RE: About Kana folding

From: Yves Arrouye (yves@realnames.com)
Date: Fri May 18 2001 - 01:42:01 EDT

Next message: Martin Duerst: "Re: UTF-8 signature in web and email"
Previous message: Christopher JS Vance: "Re: [OT] bits and bytes"
Maybe in reply to: Yves Arrouye: "About Kana folding"
Messages sorted by: [ date ] [ thread ] [ subject ] [ author ] [ attachment ]
Mail actions: [ respond to this message ] [ mail a new topic ]

Kenneth,

Thanks for the explanations.

> So I'd suggest you be very careful when trying to do this kind of
> a folding. If it is just for surface text matching, the number of
> false positive matches would likely swamp the number of false
> negatives you'd be correcting.
>
> On the other hand, if you are doing a phonetic matching, then
> of course
> you have to fold the Hiragana and Katakana forms together.

I am trying to work around a situation where people cannot register a
database key in Katakana and the same one in Hiragana (because the DB's
collation does some Kana folding), yet they need to be able to find it using
either of these (after this key has been migrated to some other system that
doesn't do Kana folding).
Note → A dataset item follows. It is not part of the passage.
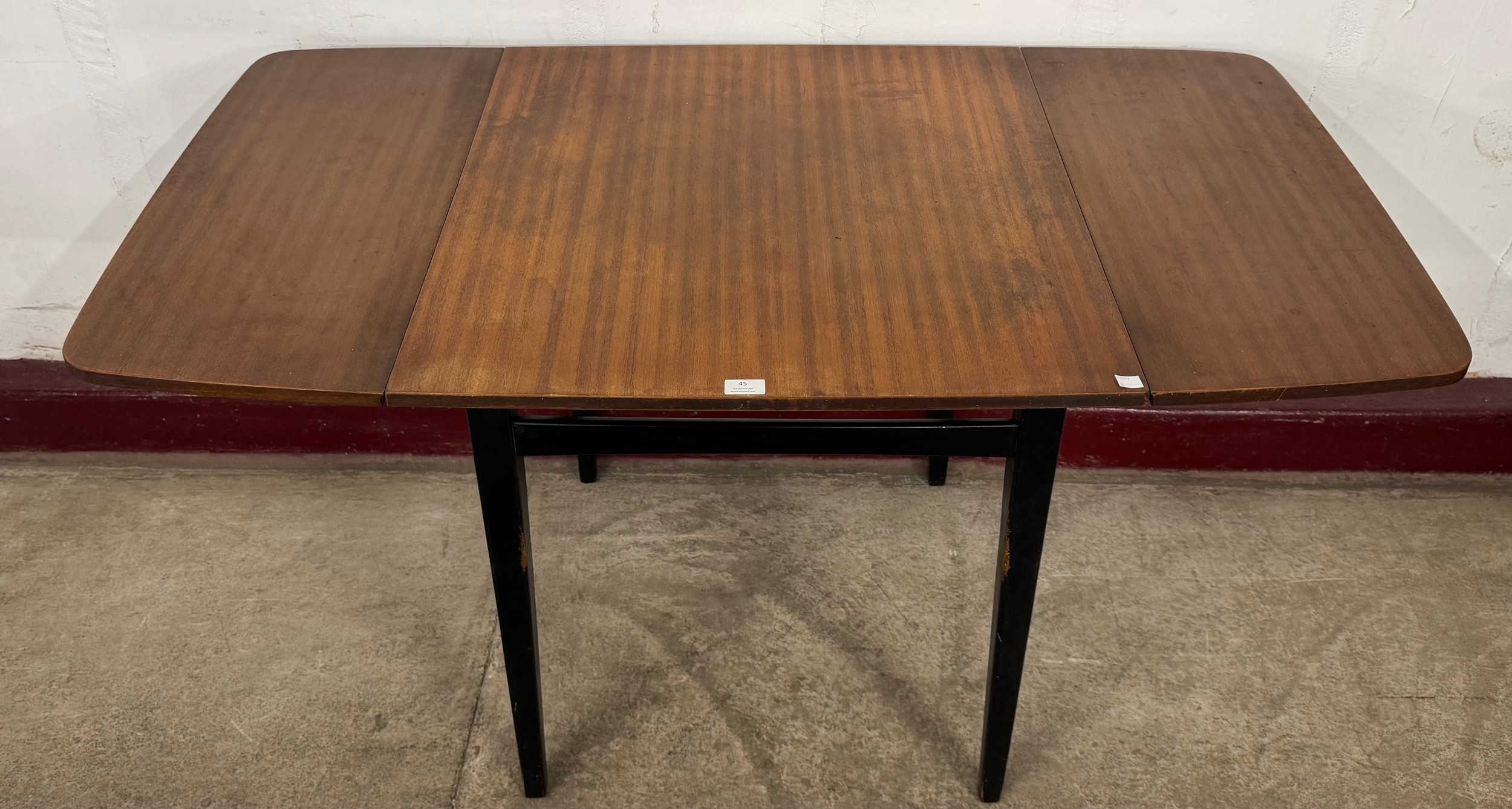 A G-Plan Librenza tola wood and black drop-leaf table
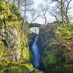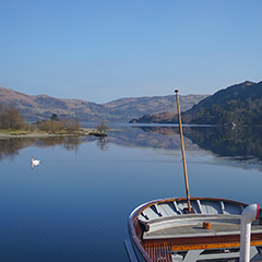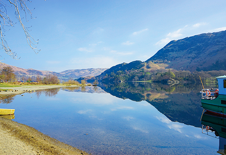 美しい湖水地方とはひと味違った、岩と草の無骨な景色が広がるもう一つの湖水地方。しかし湖畔まで歩いていくと、穏やかで雄大な湖が待っています。汽船で湖上クルーズを楽しむことも可能。またAira Forth(アイラ・フォース)という滝があり、往復1時間位のトレッキングを楽しむこともできます。

I don't know if that's what you call surface text
matching. The matching will be done on the whole key, not using N-grams.

> The more serious problem of equivalencing for matching in Japanese
> would be kanji versus Hiragana, in particular. [...] Getting this kind of
thing
> right is far more important for matching in Japanese than just
> brute matching of Hiragana to Katakana.

And if one wanted to do that automatically (which is not my intent, Kanji
work fine), one would need a dictionary to go from words in Kanji to one
Kana, is that true?

Next message: Martin Duerst: "Re: UTF-8 signature in web and email"
Previous message: Christopher JS Vance: "Re: [OT] bits and bytes"
Maybe in reply to: Yves Arrouye: "About Kana folding"
Messages sorted by: [ date ] [ thread ] [ subject ] [ author ] [ attachment ]
Mail actions: [ respond to this message ] [ mail a new topic ]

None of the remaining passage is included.